Neue Sichtweisen der Gaming-Kultur

debatte
23.03.2006

Computerspiele sind immer wieder Thema hitziger Debatten: Während Gegner oft die Gewalt kritisieren, betonen Befürworter den psychischen Nutzen. Die Tagung "Clash of Realities - Computerspiele und soziale Wirklichkeit" in Köln soll Gaming in einem neuen Licht präsentieren.

Computerspiele begeistern seit über 40 Jahren Jung und Alt. Ursprünglich als Studentenprojekt am MIT entwickelt, ist Gaming mittlerweile zu einem wichtigen Zweig der Unterhaltungsindustrie geworden.

Doch die Videospiele geraten immer wieder unter Beschuss, vor allem das Thema Gewalt in Spielen und deren Auswirkung auf Jugendliche erregt die Gemüter.

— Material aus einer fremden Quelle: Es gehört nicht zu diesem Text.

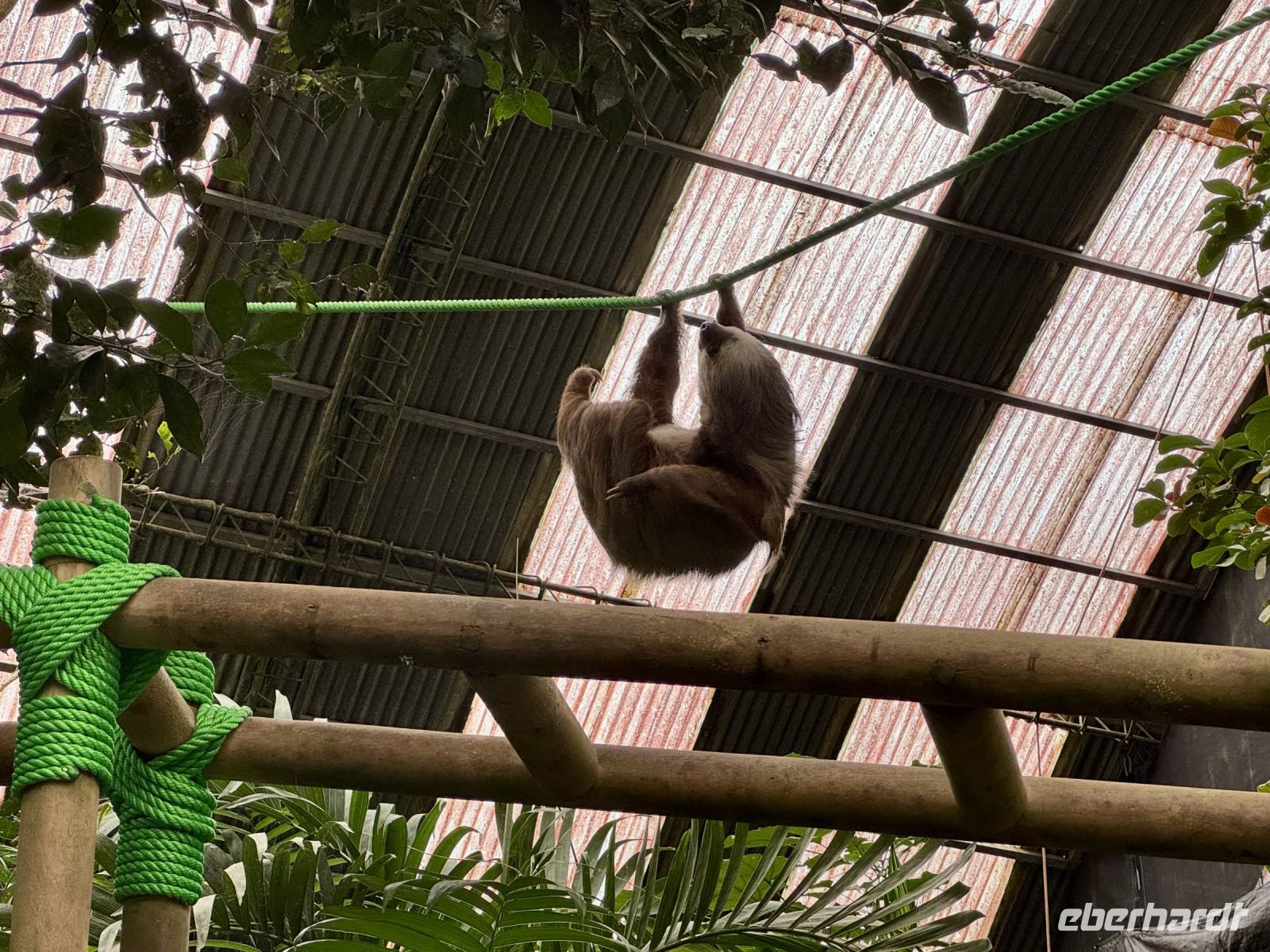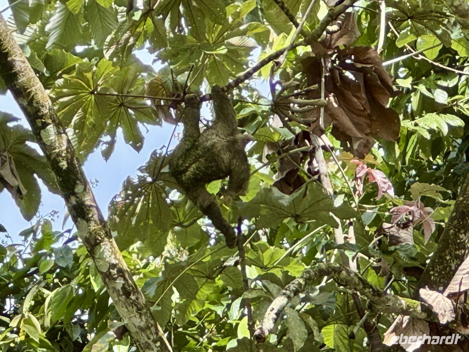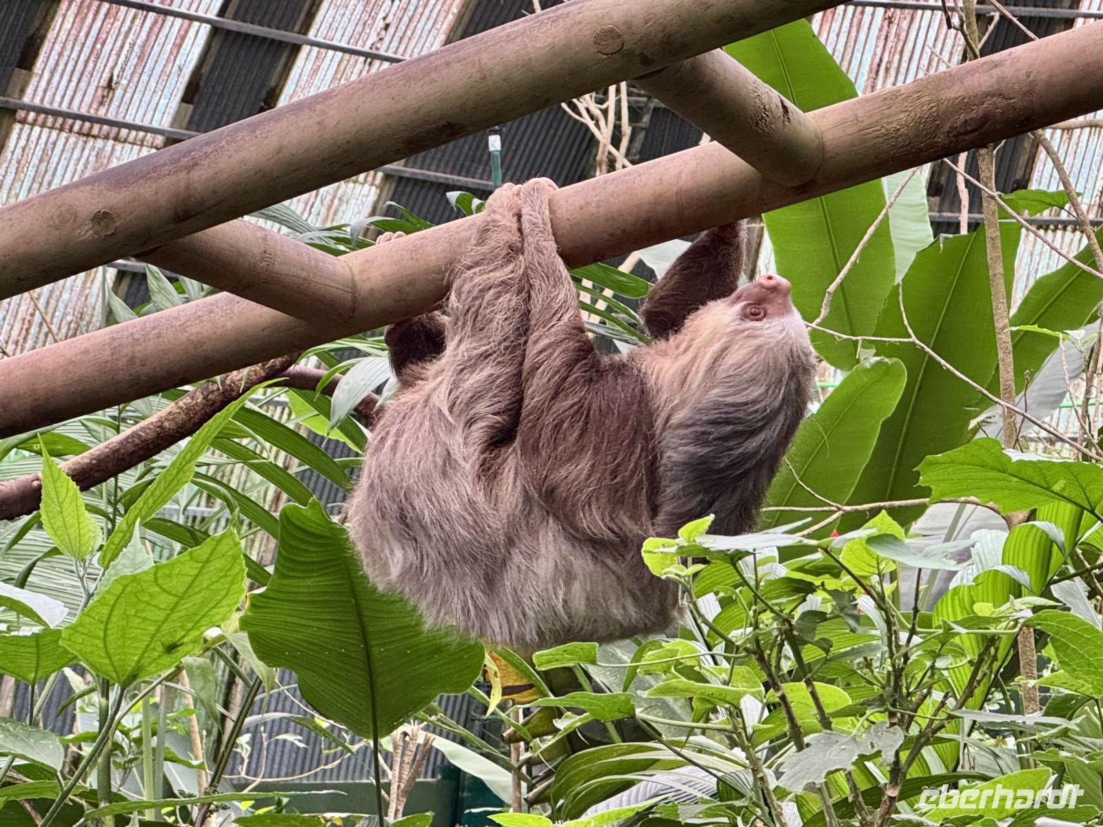 Zur Abwechslung regnet es heute wieder stärker, aber auch nicht nur. Nein, Petrus täuscht ab und zu so etwas wie eine Pause oder Auflockerung der Wolkendecke an. In Wirklichkeit ist es jedoch nur das Luftholen für den nächsten heftigen Schauer. Das Prasseln der Regentropfen auf dem Dach unseres Busses oder den Wellblechdächern der Häuser gehört inzwischen standardmäßig als Hintergrundmusik zu jedem Reisetag dazu. Auf der Fahrt zum Nebelwald von Monteverde beschließen wir jedoch gemeinsam, uns auch den Rest unserer Reise nicht davon verderben zu lassen. Beim Spaziergang auf den Hängebrücken zwischen den Baumwipfeln könnte es tatsächlich auch viel schlimmer sein. Nico erklärt uns den Aufbau der Vegetation, einzelne Pflanzen und weitere Besonderheiten des Nebelwaldes, während wir nacheinander die acht Hängebrücken überqueren. Den Rest des geplanten Tagesprogramms basteln wir jedoch wetterbedingt um und nehmen nach einer Kuchenpause an einer Führung durch die Auffangstation für Zweifingerfaultiere teil. Während einige der elf Faultier-Weibchen tief und fest schlafen, tun uns andere den Gefallen und klettern gaaaaaaaaaaaaanz langsam an den Leitern und Seilen durch die Halle. Neugierig werfen sie einen Blick auf uns — aus ihrer Sicht — hektische Besucher herunter. Immer schön mit der Ruhe! Fressen, schlafen, fressen, schlafen, ein Mal pro Woche ein Toilettengang — Pura Vida! Ganz ohne Mittagspause wollen wir unseren Ausflug nicht beschließen, weshalb wir auf der alten Quäker-Straße das Café Kolibri ansteuern. Der Name ist Programm: Ganz viele Kolibris in verschiedenen Farben — von grün glänzend bis violett — flattern um unsere Köpfe herum. Im Vergleich zu den Faultieren genau das andere Extrem. Leckeren Kaffee und Aqua dulce con leche gibt es hier auch. Auf der holprigen Straße kehren wir nun durch den Regen zum Hotel zurück. Für etwas mehr als zwei Stunden können wir uns ein bisschen ausruhen, dann habe ich zum großen Umtrunk geladen. Mit einer Flasche Rum feiern wir Bergfest und trinken uns das Wetter schön. Es folgt ein weiteres Abendmahl bei Nicos Freundin Rebecca. Diesmal kommen alle mit zum Dinner, das heute etwas zeitiger stattfindet — wir wollen/müssen nämlich morgen leider auch zeitiger los.

Der vermuteten Kausalität zwischen Videospielen und gewalttätigen Jugendlichen stehen allerdings auch reihenweise Studien gegenüber, die ein völlig anderes Bild der Gamer-Kultur zeichnen.

Gegen pauschale Verurteilungen

Die Fachhochschule Köln will dieser Diskussion gemeinsam mit dem weltgrößten Videospiele-Hersteller Electronic Arts neue Impulse geben. Auf der Fachtagung "Clash of Realities - Computerspiele und soziale Wirklichkeit" soll die Aufmerksamkeit bis Ende der Woche auch auf die Potenziale der Spiele gerichtet werden.

In der öffentlichen Diskussion würden Computerspiele laut den Veranstaltern meist zu Unrecht pauschal kritisiert.

Diese einseitige Betrachtung hat wohl auch mit einer fehlenden Kenntnis der Computerspiele-Kultur zu tun. Schließlich besteht das Gaming-Universum nicht nur aus Kriegs- und Ballerspielen, gerade die neue Generation von Online-Games setzt immer mehr auf soziale Interaktion und Sportsgeist.

Forscher aus aller Welt

Bis Freitag werden in der Kölner Fachhochschule Forscher aus Dänemark, den Niederlanden, der Schweiz, Spanien, den USA und Deutschland referieren und diskutieren. Themen sind unter anderem "informelle Bildungsprozesse", die Faszination jugendlicher Spieler, Online-Spiele und schulbezogene Einflüsse von Computerspielen.

Mehr Akzeptanz

In der Bevölkerung gibt es nach Einschätzung von Winfried Kaminski, Professor am Institut für Medienforschung und Medienpädagogik der Kölner FH, eine deutlich größere Akzeptanz für Computerspiele, als es die Kritik in den Medien vermuten lässt.

Generell sei das Interesse an Online-Spielen "exorbitant", so Kaminski. Vor allem die Kombination von vielschichtigem Spielgeschehen und sozialen Ereignissen fasziniere die Spieler.

Spieler werden erwachsen

Das Klischee vom soziopathischen Teenager, der sich tagelang in seinem Zimmer einschließt und Ego-Shooter spielt, mag zwar in wenigen Fällen stimmen, wurde aber bereits in zahlreichen Studien widerlegt.

Viele Spielefans sind inzwischen erwachsen geworden. Der große Erfolg etwa des Online-Rollenspiels "Die Sims" habe gezeigt, dass die Spieler längst nicht mehr nur männlich und jung sind.

Auch Frauen werden als Zielgruppe für Computerspiele immer interessanter, was sich auch in der Spielentwicklung niederschlägt.

Mehr und mehr werden Games auch zu Therapiezwecken eingesetzt.

Jüngst wurden sogar Senioren als Zielgruppe entdeckt, die nicht nur Zeit haben, sondern mit Logik- und Merkspielen auch gegen Alterserscheinungen ankämpfen sollen.

Deutschland denkt an Verbot

Die kontroverse Diskussion über Gewalt in Games hat in Deutschland derzeit neue Aktualität bekommen, seitdem bekannt wurde, dass die große Koalition gewisse Spiele verbieten will.

"Für meinen Geschmack müsste es auch keine Kriegsspiele geben", so die Meinung von Kaminski. "Aber wenn mir einzelne Filme nicht gefallen, kann ich auch nicht die gesamte Filmwirtschaft verdammen."